Dream Star is presenting few rounds to elect to the grand finale. Udesh Indula, Upekha Nirmani, Keshan Shashindra, Sasindu Wijesiri, M.G Danushka, Janith Iddamalgoda, Suneera Sumanga, Thanura Madugeeth Dissanayake, Falan Andrea, Dulanga Sampath, Anjali Herath and Janani Imathma listed in order as the winners from season I to XII. (Note: Upekha Nirmani won the first place in Dream Star season I as the very first female winner in Dream Star history)

== Seasons ==

=== Dream Star season I (2008) ===
Dream Star season I was started in the year 2008. Derana Dream Star season I final competition was held at the Sugathadasa Indoor Stadium Colombo, Sri Lanka. Udesh Indula won the first place in Dream Star season I. Milinda Sandaruwan was the first runner-up, while nilupuli dilhara was placed 2nd runner up. Nirosha Virajini, Rohana Bogoda and Keerthi Pasquel judged the contestants.

=== Dream Star season II (2010) ===
Dream Star season II was started in the year 2010. Upekha Nirmani, 18 years old schoolgirl from Negombo created history as very first female winner of the Dream Star history. Nirosha Virajini, Rohana Bogoda and Keerthi Pasquel judged the contestants throughout the Dream Star season II. Derana Dream Star season II final competition was held at the Sugathadasa Indoor Stadium Colombo, Sri Lanka. Udesh Manoj from Galle was the first runner-up while Nimesh Chamika from Panadura was placed third in the Dream Star season II.

=== Dream Star season III (2011) ===
Dream Star season III was started in the year 2011. Keshan Shashindra won the first place in Dream Star season III. Shanaka Udeesha from Gampola was the first runner-up, while Manuja Mahawattha was placed 2nd runner up. Nirosha Virajini, Rohana Bogoda and Keerthi Pasquel judged the contestants throughout the Dream Star season III. Derana Dream Star season III final competition was held at the Sugathadasa Indoor Stadium Colombo, Sri Lanka.
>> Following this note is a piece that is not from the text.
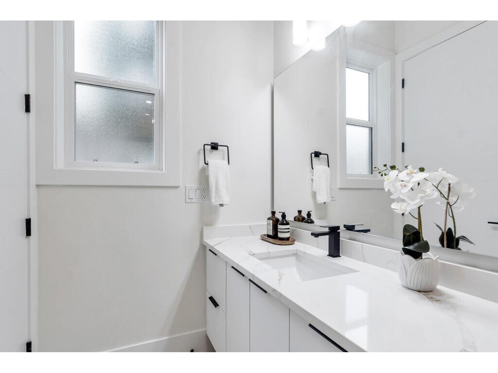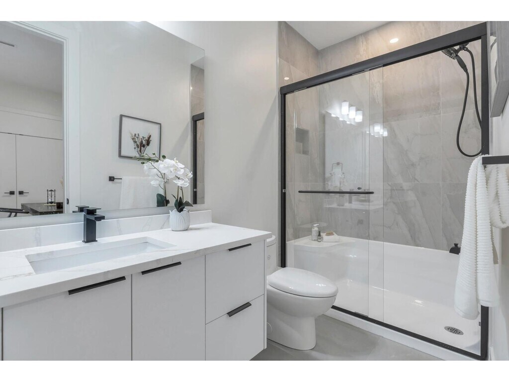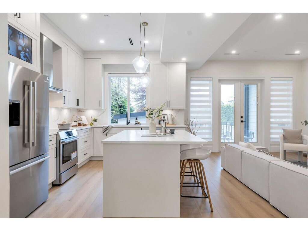 Beautiful 7-Bedroom, 6-Bath Home in Prime White Rock Location! Prime White Rock Location! Multiple patios and a fully fenced yard create the ideal indoor-outdoor lifestyle. Conveniently located minutes from White Rock Beach, Peace Arch Hospital, Five Corners shops and dining, and top-rated Semiahmoo Secondary and White Rock Elementary Beautiful 7-Bedroom, 6-Bath Home.This stunning half-duplex feels like a detached home and showcases premium finishes throughout. This residence is perfect for large or multi-generational families. Enjoy a chef's kitchen with Bosch appliances, built-in workstations, soaring ceilings on the main floor, a dedicated wine room, air-conditioning, and an attached garage.

=== Dream Star season IV (2012) ===
Dream Star season IV was started in the year 2012. "Udawediya Male" song was released as the theme song of Dream Star season IV. Sasindu Wijesiri won the first place in Dream Star season IV. Raween Kanishka was the first runner-up, while sithum nimantha placed 2nd runner up. Keerthi Pasquel, Chandrika Siriwardena and Nadeeka Guruge judged the contestants throughout the Dream Star season IV. Derana Dream Star season IV final competition was held at the Sugathadasa Indoor Stadium Colombo, Sri Lanka.

=== Dream Star season V (2014) ===
Dream Star season V was started in the year 2014. M.G Danushka won the first place in Dream Star season V. Vishmitha Sachintha was the first runner-up, while Lahiru Prabath was placed third in the Dream Star season V. Keerthi Pasquel, Samitha Mudunkotuwa and Nadeeka Guruge judged the contestants throughout the Dream Star season V. Derana Dream Star season V final competition was held at the Sugathadasa Indoor Stadium Colombo, Sri Lanka.

=== Dream Star season VI (2015) ===
Dream Star season VI was started in the year 2015. Janith Iddamalgoda won the first place in Dream Star season VI. Yashodha Priyadarshani was the first runner-up while Chithroo Patalee was placed third in the Dream Star season VI. Keerthi Pasquel, Samitha Mudunkotuwa and Nadeeka Guruge judged the contestants throughout the Dream Star season VI. Derana Dream Star season VI final competition was held at the Sugathadasa Indoor Stadium Colombo, Sri Lanka.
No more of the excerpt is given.